[Stored data]

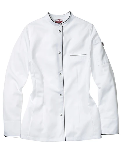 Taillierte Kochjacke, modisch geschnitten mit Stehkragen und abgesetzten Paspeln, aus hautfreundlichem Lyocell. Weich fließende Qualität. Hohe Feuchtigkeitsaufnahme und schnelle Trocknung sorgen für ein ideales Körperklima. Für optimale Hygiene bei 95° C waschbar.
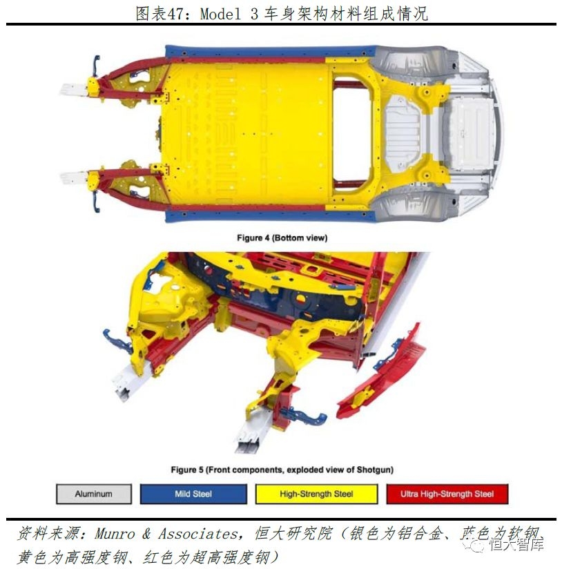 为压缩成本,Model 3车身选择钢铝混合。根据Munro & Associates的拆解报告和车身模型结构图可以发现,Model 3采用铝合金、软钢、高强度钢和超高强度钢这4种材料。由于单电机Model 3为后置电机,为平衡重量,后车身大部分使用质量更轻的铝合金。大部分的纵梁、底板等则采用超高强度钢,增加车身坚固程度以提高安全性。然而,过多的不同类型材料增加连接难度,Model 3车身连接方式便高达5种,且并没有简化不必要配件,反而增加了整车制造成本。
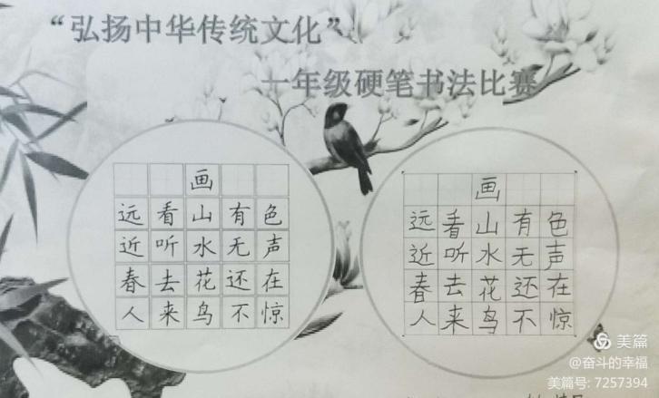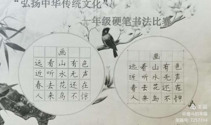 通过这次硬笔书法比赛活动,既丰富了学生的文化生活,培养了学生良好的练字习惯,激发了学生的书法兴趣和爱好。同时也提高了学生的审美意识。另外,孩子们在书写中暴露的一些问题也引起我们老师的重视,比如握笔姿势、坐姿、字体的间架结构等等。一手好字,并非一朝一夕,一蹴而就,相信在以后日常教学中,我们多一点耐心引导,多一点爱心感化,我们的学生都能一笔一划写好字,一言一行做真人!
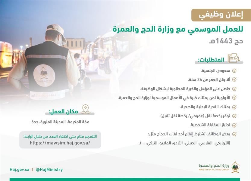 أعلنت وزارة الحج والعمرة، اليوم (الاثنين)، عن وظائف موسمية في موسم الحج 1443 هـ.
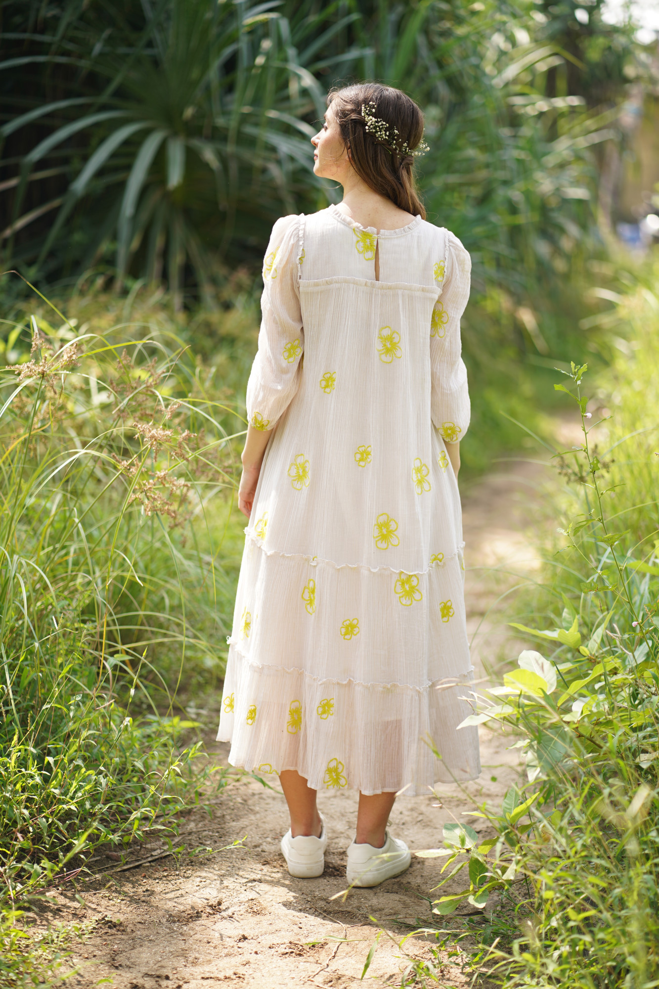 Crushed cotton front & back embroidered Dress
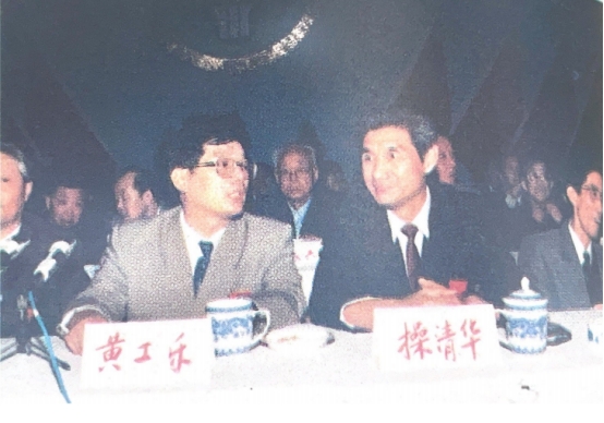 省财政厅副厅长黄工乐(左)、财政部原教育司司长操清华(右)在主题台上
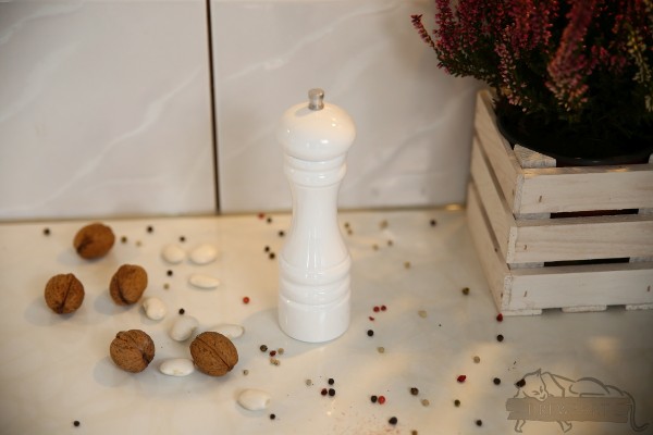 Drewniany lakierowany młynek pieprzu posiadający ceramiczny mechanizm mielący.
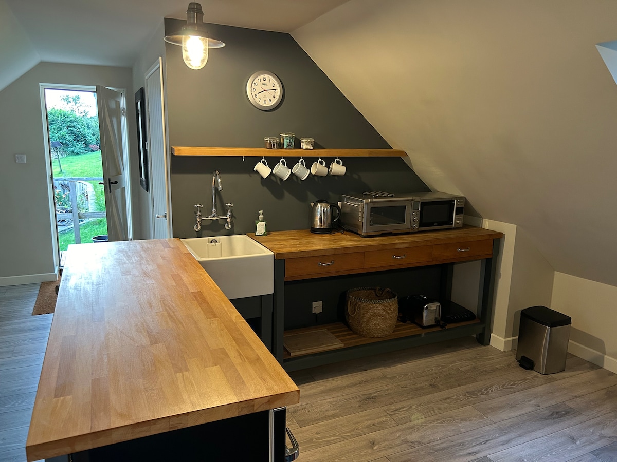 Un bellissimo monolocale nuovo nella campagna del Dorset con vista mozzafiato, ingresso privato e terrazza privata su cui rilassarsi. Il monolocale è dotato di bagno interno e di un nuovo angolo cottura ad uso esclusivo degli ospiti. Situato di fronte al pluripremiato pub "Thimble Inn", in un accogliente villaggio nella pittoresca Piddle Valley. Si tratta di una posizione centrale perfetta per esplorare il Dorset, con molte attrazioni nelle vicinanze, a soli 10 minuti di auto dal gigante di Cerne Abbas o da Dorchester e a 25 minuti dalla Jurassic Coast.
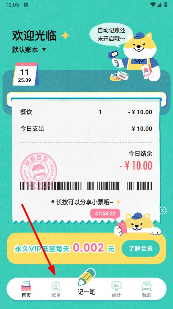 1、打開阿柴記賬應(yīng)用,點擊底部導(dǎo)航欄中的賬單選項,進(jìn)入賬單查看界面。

> **Goal of the exercise**
From the opening line of the entries above to the line that holds "为压缩成本,Model 3车身选择钢铝混合。根据Munro &", inclusive, reproduce each line exactly and omit any picture.

> **Problem solution**
 Taillierte Kochjacke, modisch geschnitten mit Stehkragen und abgesetzten Paspeln, aus hautfreundlichem Lyocell. Weich fließende Qualität. Hohe Feuchtigkeitsaufnahme und schnelle Trocknung sorgen für ein ideales Körperklima. Für optimale Hygiene bei 95° C waschbar.
 为压缩成本,Model 3车身选择钢铝混合。根据Munro & Associates的拆解报告和车身模型结构图可以发现,Model 3采用铝合金、软钢、高强度钢和超高强度钢这4种材料。由于单电机Model 3为后置电机,为平衡重量,后车身大部分使用质量更轻的铝合金。大部分的纵梁、底板等则采用超高强度钢,增加车身坚固程度以提高安全性。然而,过多的不同类型材料增加连接难度,Model 3车身连接方式便高达5种,且并没有简化不必要配件,反而增加了整车制造成本。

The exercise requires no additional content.